The task.
In the output, include exactly the lines from the beginning of the records up to and including the one that contains "Pengumuman Nomor 8:/PL.01.4-Pu/6411/2023", and leave out the pictures.

Dataset records.
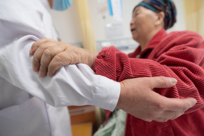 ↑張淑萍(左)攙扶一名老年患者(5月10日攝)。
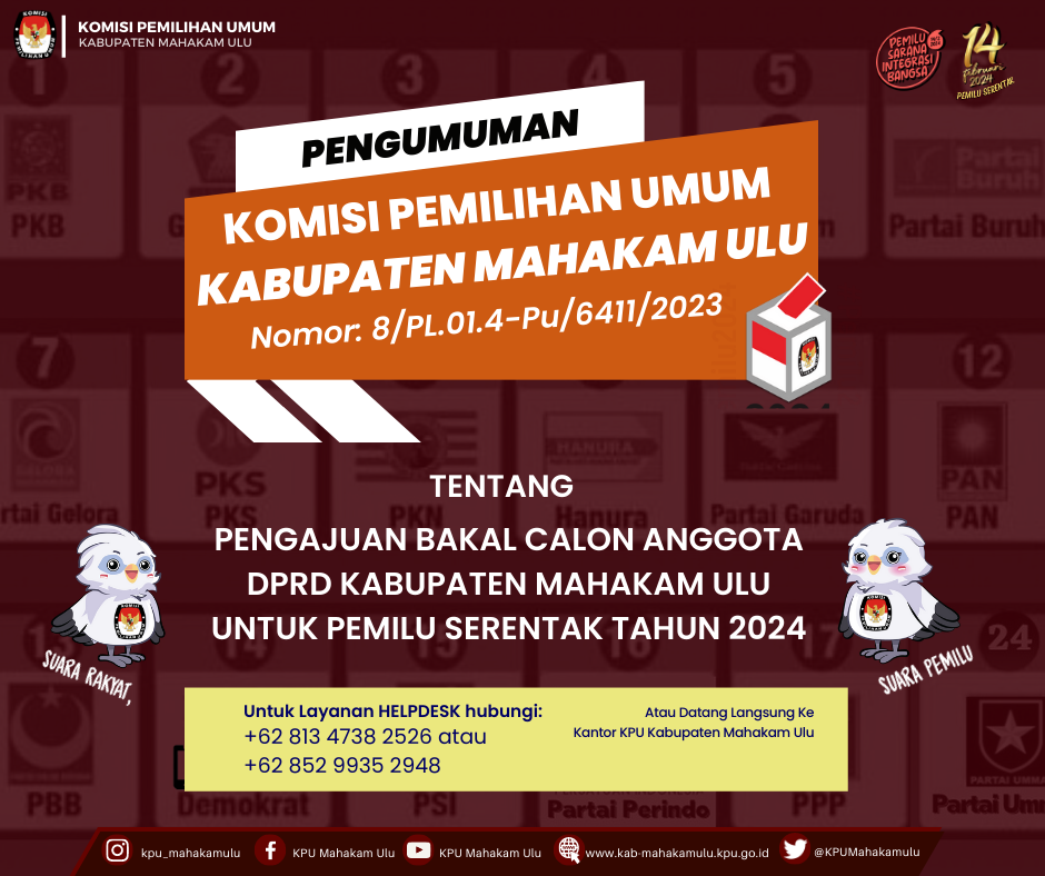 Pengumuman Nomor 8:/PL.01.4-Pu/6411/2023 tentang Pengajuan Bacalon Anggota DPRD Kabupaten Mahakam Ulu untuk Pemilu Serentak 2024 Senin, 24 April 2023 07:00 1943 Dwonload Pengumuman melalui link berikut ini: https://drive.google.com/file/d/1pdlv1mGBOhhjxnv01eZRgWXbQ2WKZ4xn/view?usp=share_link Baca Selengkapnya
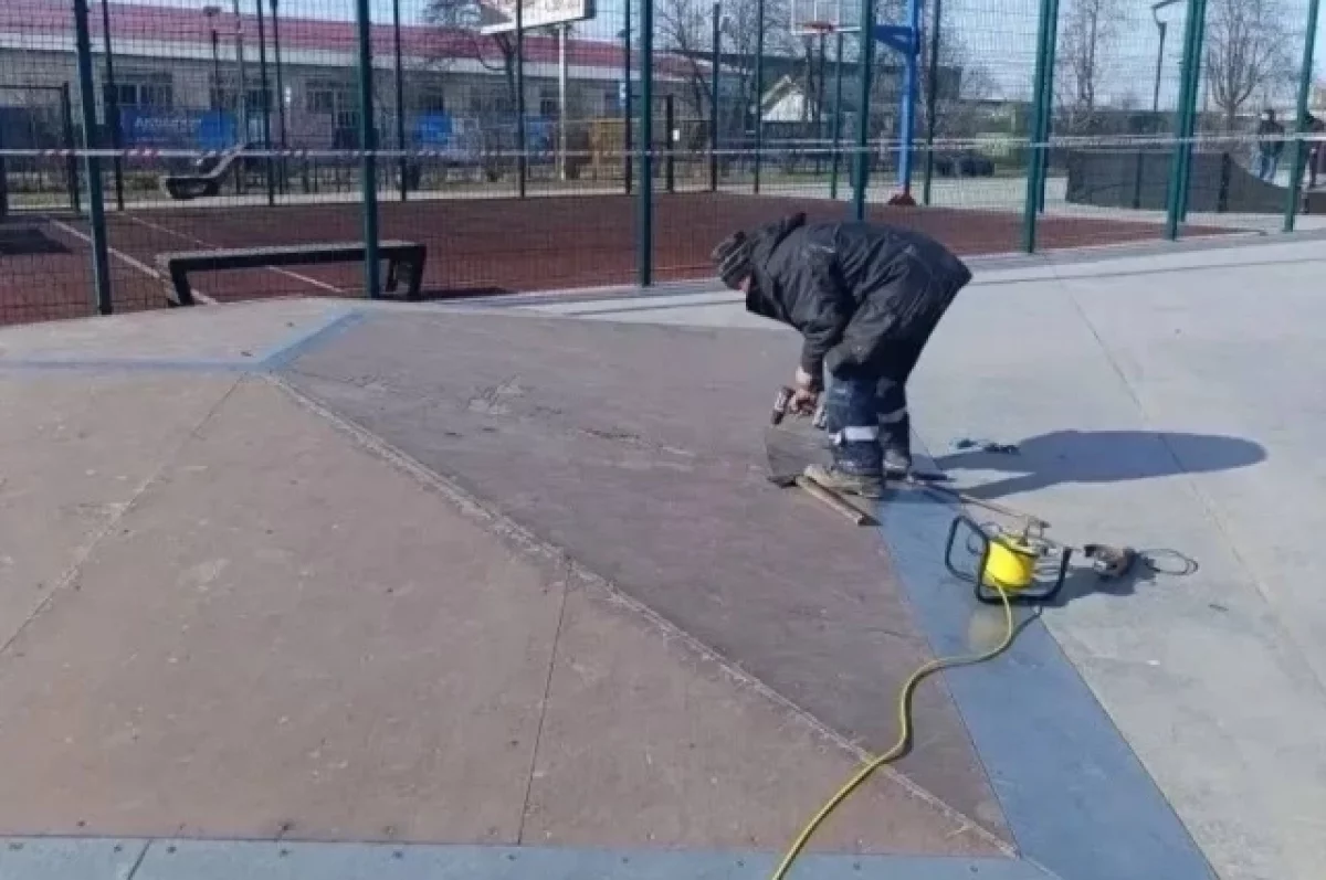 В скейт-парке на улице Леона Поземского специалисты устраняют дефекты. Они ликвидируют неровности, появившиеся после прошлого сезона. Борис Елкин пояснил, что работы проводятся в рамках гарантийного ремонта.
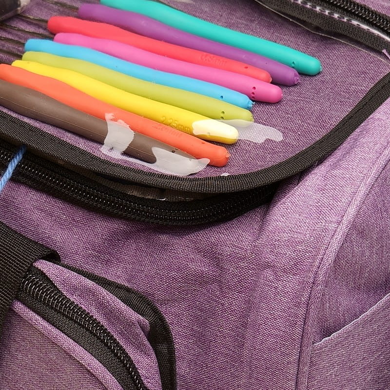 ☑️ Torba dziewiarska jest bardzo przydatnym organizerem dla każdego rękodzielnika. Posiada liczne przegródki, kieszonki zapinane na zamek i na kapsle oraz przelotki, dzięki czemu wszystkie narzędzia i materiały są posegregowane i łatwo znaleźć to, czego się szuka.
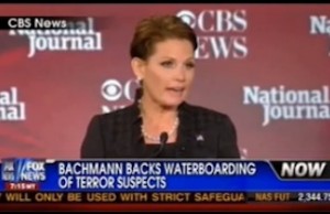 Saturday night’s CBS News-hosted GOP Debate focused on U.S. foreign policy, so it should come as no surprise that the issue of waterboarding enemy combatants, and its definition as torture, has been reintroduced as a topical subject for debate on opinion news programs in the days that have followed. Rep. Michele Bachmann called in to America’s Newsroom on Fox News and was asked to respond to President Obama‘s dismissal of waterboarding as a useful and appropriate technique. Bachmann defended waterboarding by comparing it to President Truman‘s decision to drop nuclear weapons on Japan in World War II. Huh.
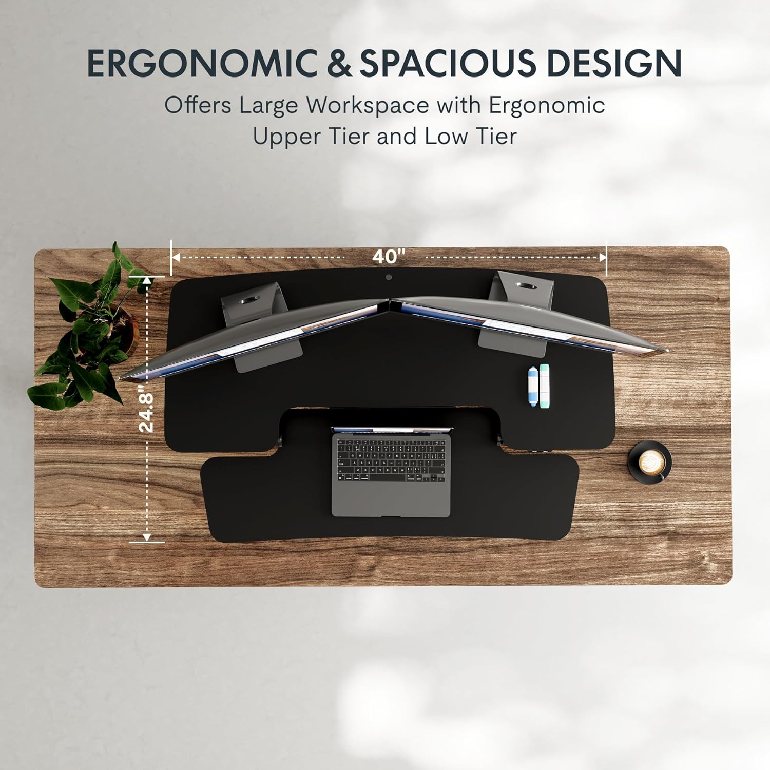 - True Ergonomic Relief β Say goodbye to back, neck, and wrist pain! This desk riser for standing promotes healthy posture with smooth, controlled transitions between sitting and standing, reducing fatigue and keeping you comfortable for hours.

Result of this exercise.
 ↑張淑萍(左)攙扶一名老年患者(5月10日攝)。
 Pengumuman Nomor 8:/PL.01.4-Pu/6411/2023 tentang Pengajuan Bacalon Anggota DPRD Kabupaten Mahakam Ulu untuk Pemilu Serentak 2024 Senin, 24 April 2023 07:00 1943 Dwonload Pengumuman melalui link berikut ini: https://drive.google.com/file/d/1pdlv1mGBOhhjxnv01eZRgWXbQ2WKZ4xn/view?usp=share_link Baca Selengkapnya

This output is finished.